WHAT YOU WILL DO:
Take the records below and set down exactly the lines from the one with "With a tangle-free" to the one with "Üstünde Parlak Yıldız", ends included; do not copy the pictures.

───── DATA FOR REVIEW ─────

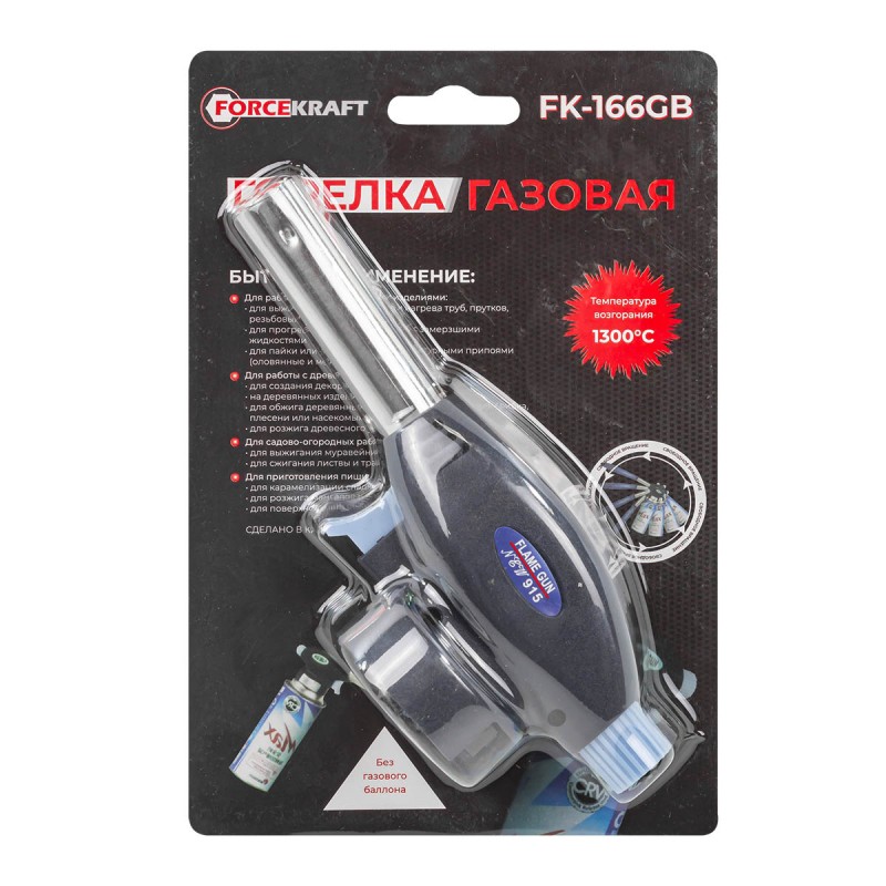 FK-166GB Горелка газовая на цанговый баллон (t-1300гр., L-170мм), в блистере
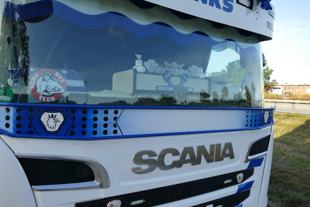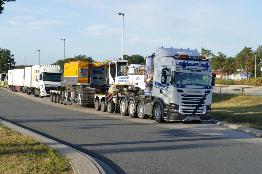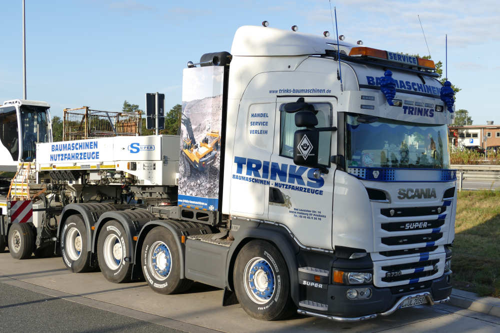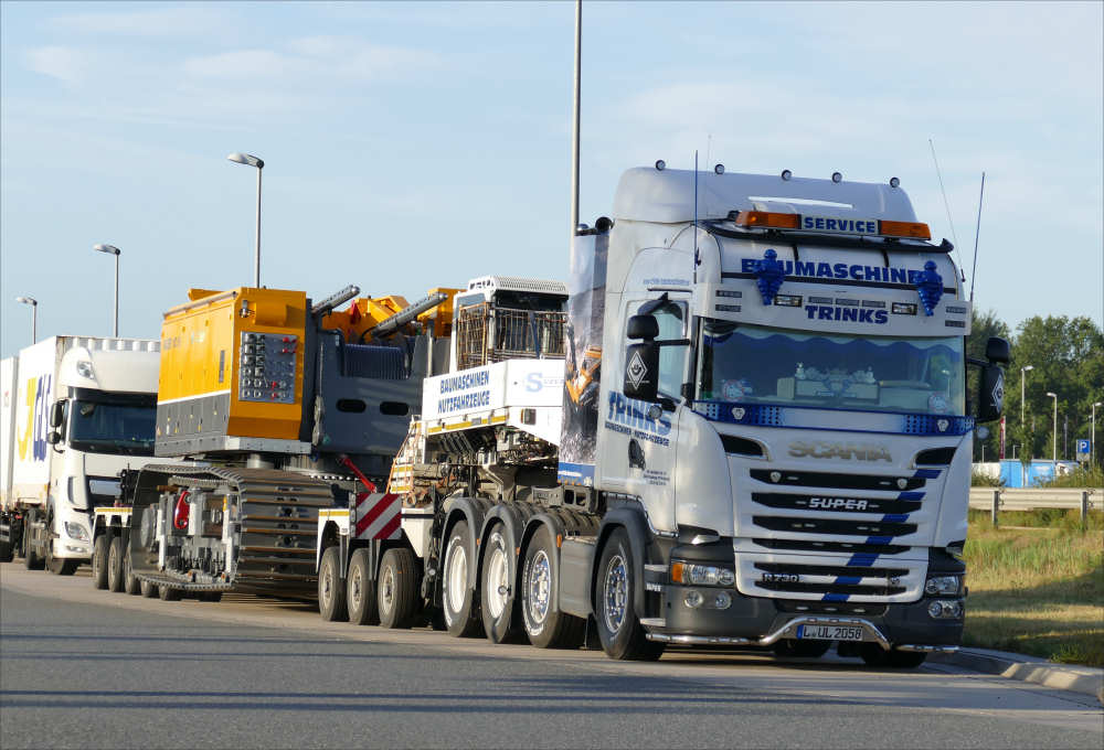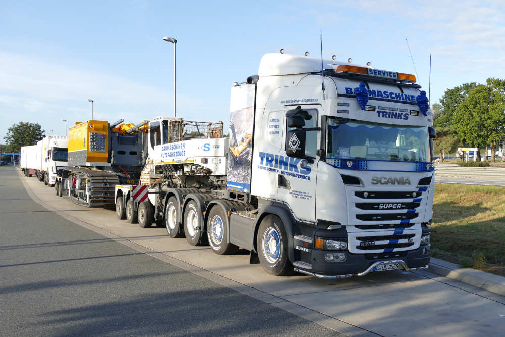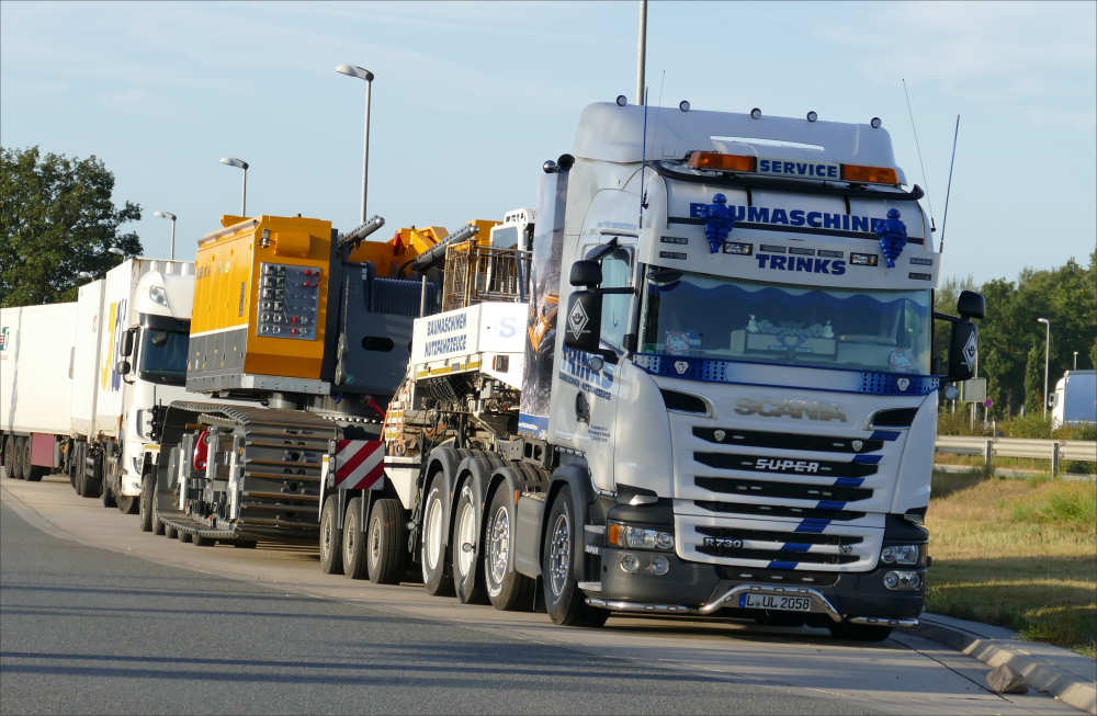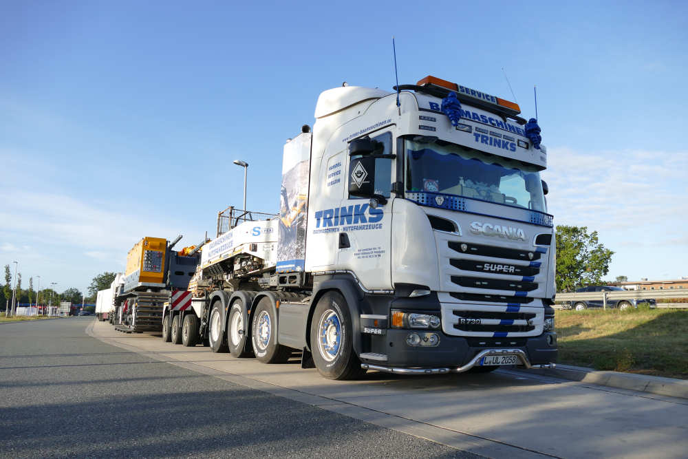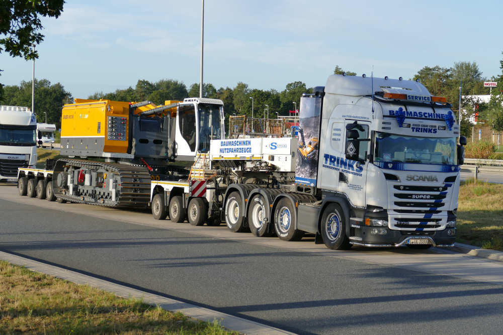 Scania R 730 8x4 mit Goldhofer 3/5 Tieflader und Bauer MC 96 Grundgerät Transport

─────
───── DATA FOR REVIEW ─────

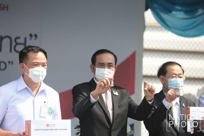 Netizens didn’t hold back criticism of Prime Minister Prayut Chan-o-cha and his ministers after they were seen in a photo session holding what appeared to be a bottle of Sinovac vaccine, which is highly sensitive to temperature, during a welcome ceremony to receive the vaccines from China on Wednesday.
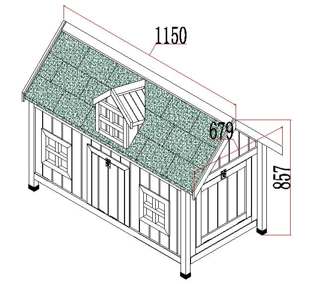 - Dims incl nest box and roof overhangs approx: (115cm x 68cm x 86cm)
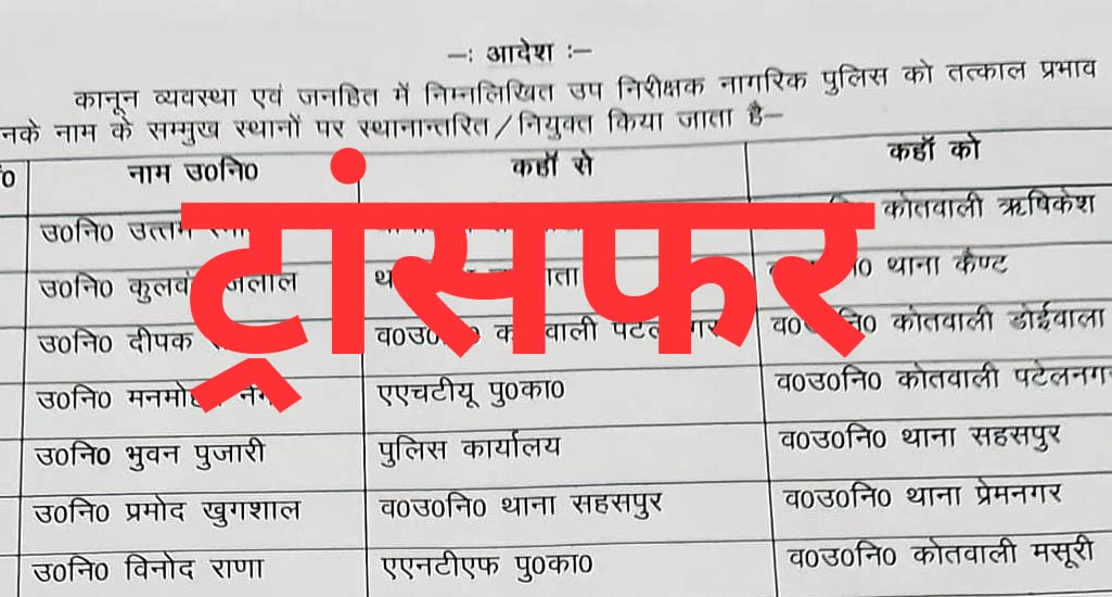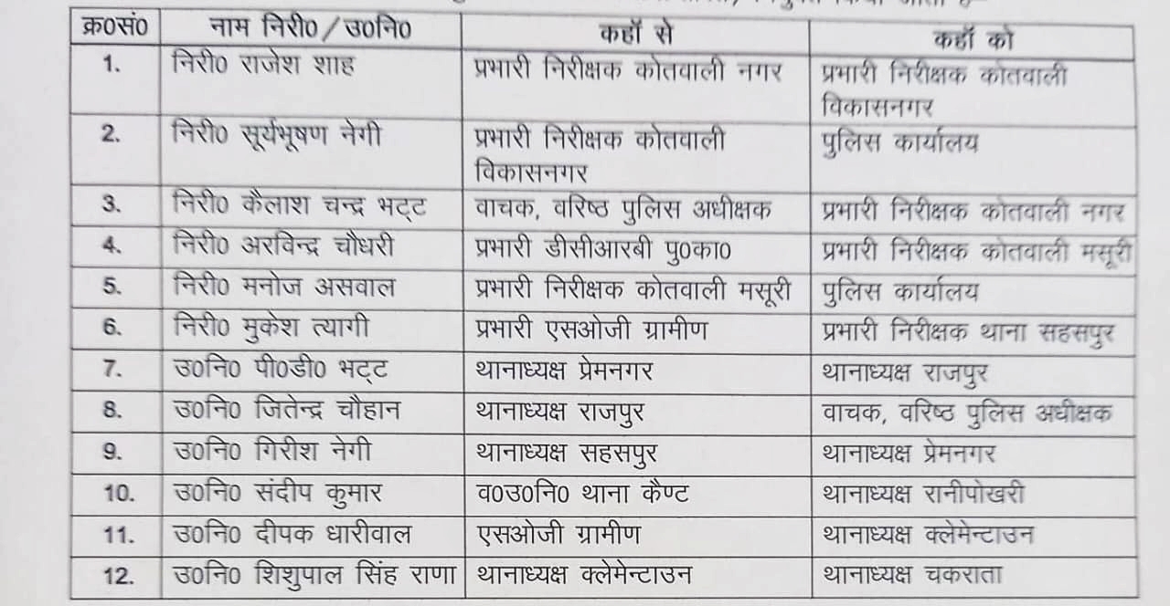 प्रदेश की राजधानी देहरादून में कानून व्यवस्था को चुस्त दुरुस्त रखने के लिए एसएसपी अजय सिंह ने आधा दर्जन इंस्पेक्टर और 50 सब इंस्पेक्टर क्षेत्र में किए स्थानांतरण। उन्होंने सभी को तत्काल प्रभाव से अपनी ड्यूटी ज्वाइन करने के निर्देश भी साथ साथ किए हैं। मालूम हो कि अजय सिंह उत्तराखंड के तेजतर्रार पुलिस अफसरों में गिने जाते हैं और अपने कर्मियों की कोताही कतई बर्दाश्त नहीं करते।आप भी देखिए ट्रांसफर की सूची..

─────
───── DATA FOR REVIEW ─────

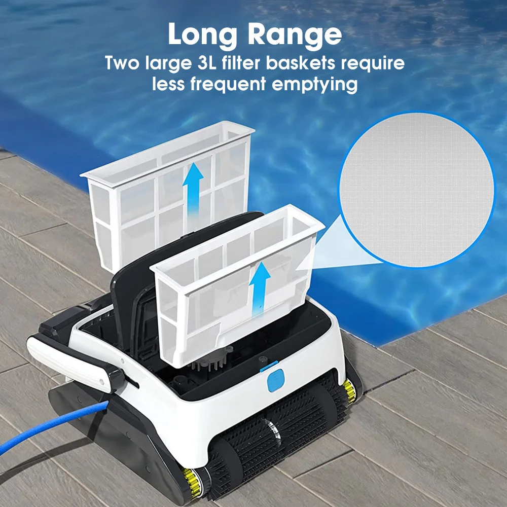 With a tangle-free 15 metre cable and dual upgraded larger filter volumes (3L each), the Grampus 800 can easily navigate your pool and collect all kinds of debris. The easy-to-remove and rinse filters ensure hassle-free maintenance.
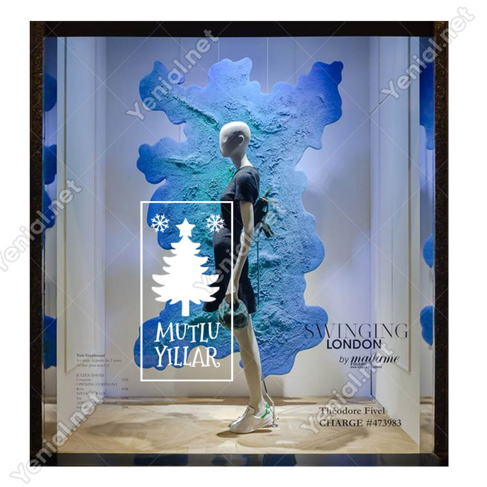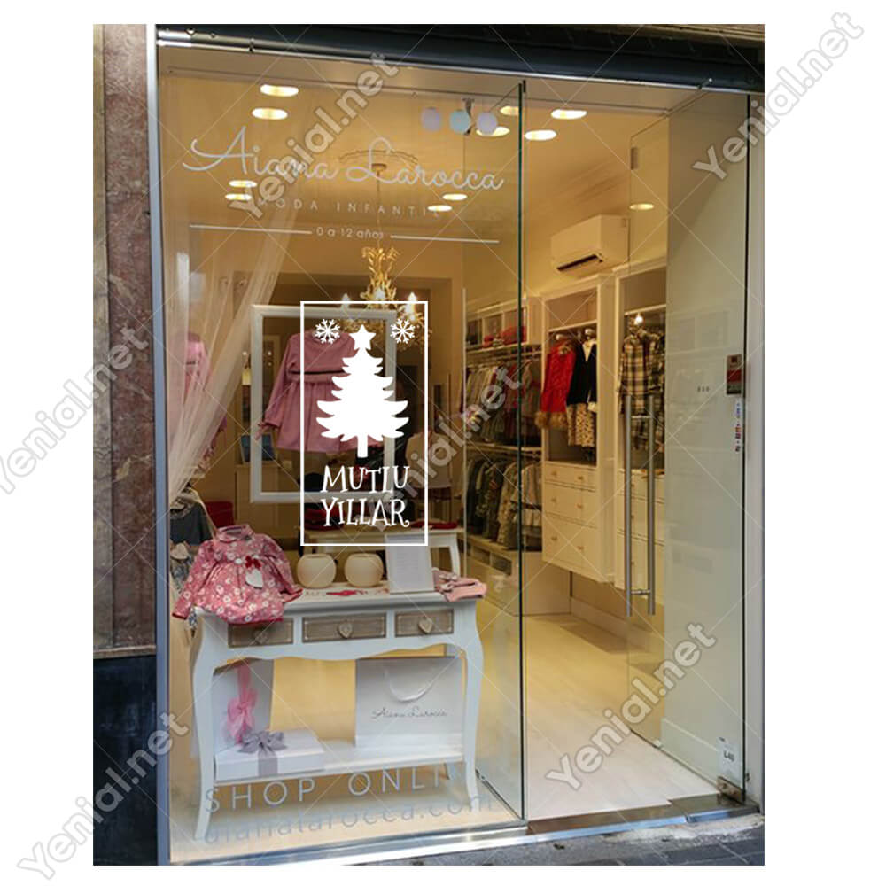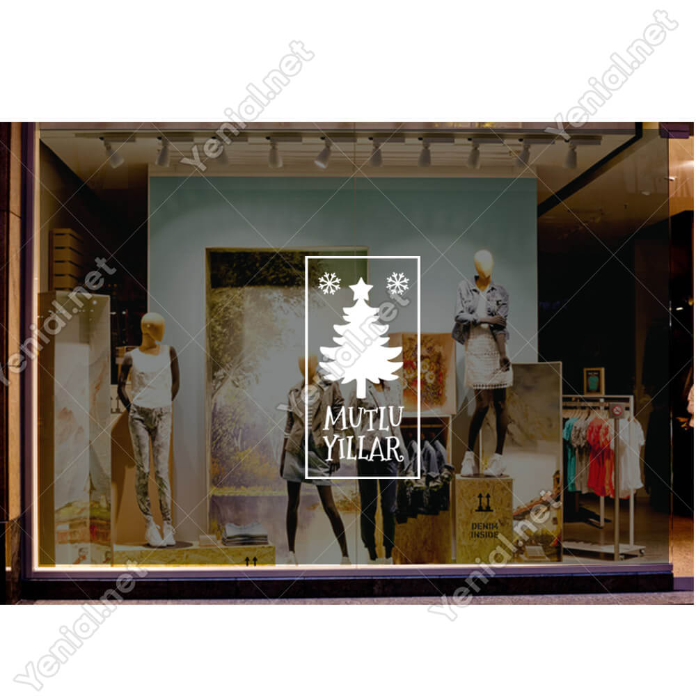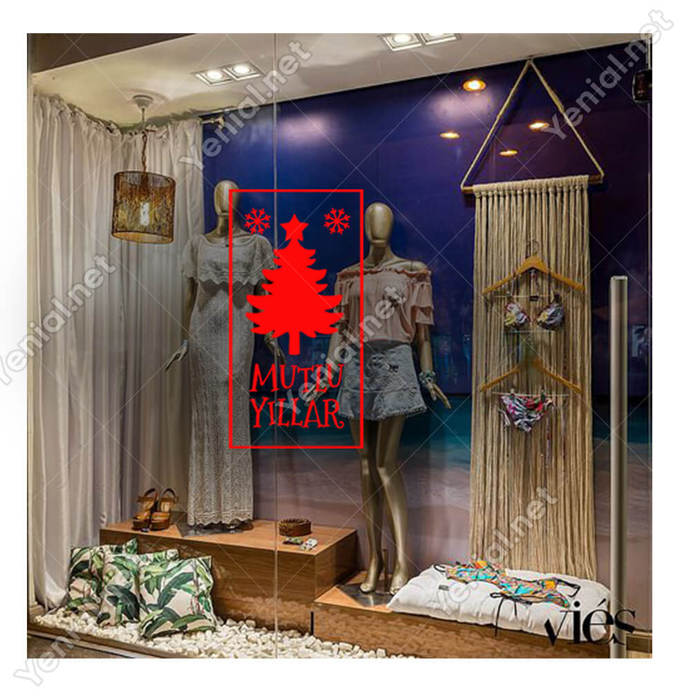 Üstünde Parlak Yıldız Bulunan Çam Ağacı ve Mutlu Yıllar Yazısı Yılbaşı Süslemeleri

─────

ANSWER TO THIS PROBLEM:
 With a tangle-free 15 metre cable and dual upgraded larger filter volumes (3L each), the Grampus 800 can easily navigate your pool and collect all kinds of debris. The easy-to-remove and rinse filters ensure hassle-free maintenance.
 Üstünde Parlak Yıldız Bulunan Çam Ağacı ve Mutlu Yıllar Yazısı Yılbaşı Süslemeleri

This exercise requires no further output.